The key thing that I think about as the provider in this is that it used to be cystectomy was the gold standard, if you don't respond to BCG. But now it's like, “Well, you didn't respond to first-line [therapy], so we're going to quickly go to second-line [therapy], and if [the tumor] doesn't respond, then...I have 3 or 4 different choices.” I think where we could get stuck is you keep giving a drug that doesn't work. Then that's when people are at risk for progression.
If it's possible, to say, “OK, we're going to give this, we're going to look and see how you do. If you don't respond, [we’re] moving on to the next.” And when you have options that are all well tolerated, you just got to find—the analogy I give is—you just have to find the right key to turn the keyhole on their disease so that you can get it to go away and stay away.
It's not like muscle-invasive bladder cancer, which is a lethal cancer in every case. In this case it’s that you just don't have the right drug for the patient where the BCG just didn't work. And there [are] a lot of reasons why BCG doesn't work, but just because that doesn't work doesn't mean other things won't. So, now we have a bunch of different keys to try.
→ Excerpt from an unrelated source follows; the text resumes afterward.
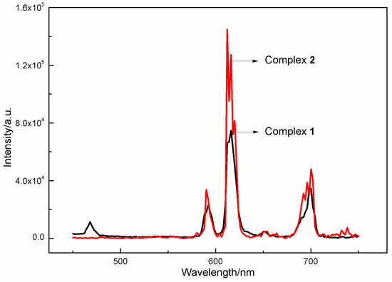 Emission and excitation peaks of Complexes 1 and 2 were measured in solid state under 0.1 nm slit widths at room temperature. The excitation spectra of the europium complexes were measured by monitoring the emission wavelength at 616 nm (Figure S8). The emission spectra were measured at room temperature under the optimal excitation wavelength at 318 nm for Complex 1 and 356 nm for Complex 2 within the scope of 450–750 nm (Figure 9). Both of the emission spectra of Complexes 1 and 2 show five typical emission bands corresponding to the 5D0→7F0, 1, 2, 3, 4 transitions of the Eu3+. The two spectra do not show a significant difference, suggesting that the light-emitting sites in Complex 1 are the same as those in Complex 2. Among the five emission bands, the electric dipole transition 5D0→7F2 around 616 nm is the strongest. In addition, the ratio of electric dipole transition and magnetic dipole transition (5D0→7F1) of Complexes 1 and 2 are 3.31 and 4.28, respectively, which indicates that the coordination environment of Eu3+ complexes are not center symmetric [50,51,52,53,54]. The luminescence intensities of electric dipole transition of Complexes 1 and 2 are 0.74 × 105 and 1.4 × 105, respectively. The emission intensity of Complex 2 is stronger than that of Complex 1. The energy difference between the triplet energy level of mNBA and Eu3+ excited state energy is approximately 8000 cm−1, which is too large for energy transfer. Therefore, mNBA cannot effectively sensitize luminescence emission of Eu3+ ion in Complex 1 [55]. Complex 2 has a strong emission intensity with shoulder peaks, which may be ascribed to the crystal field splitting and the asymmetric molecule structure [56].

What are the biggest challenges regarding implementing innovative therapies for bladder cancer in real-world practice?
I think right now the biggest thing is getting them into our clinics. So, we have drugs that were approved by the FDA within the last year and getting them into our pharmacies and then educating our nurses, having our pharmacy be able to produce them, and be able to actually implement them and give [them], that's where we're at now. In a year, it could be totally different. In a year the problem could be figuring out sequence, but now it's all about taking what's been approved and actually translating that into patient care. And the patients are coming and asking for therapy. So, I think that's really a credit to them in the community that they know that there [are] other options. But...there's the administrative part of it that we're all trying to get done as fast as we can.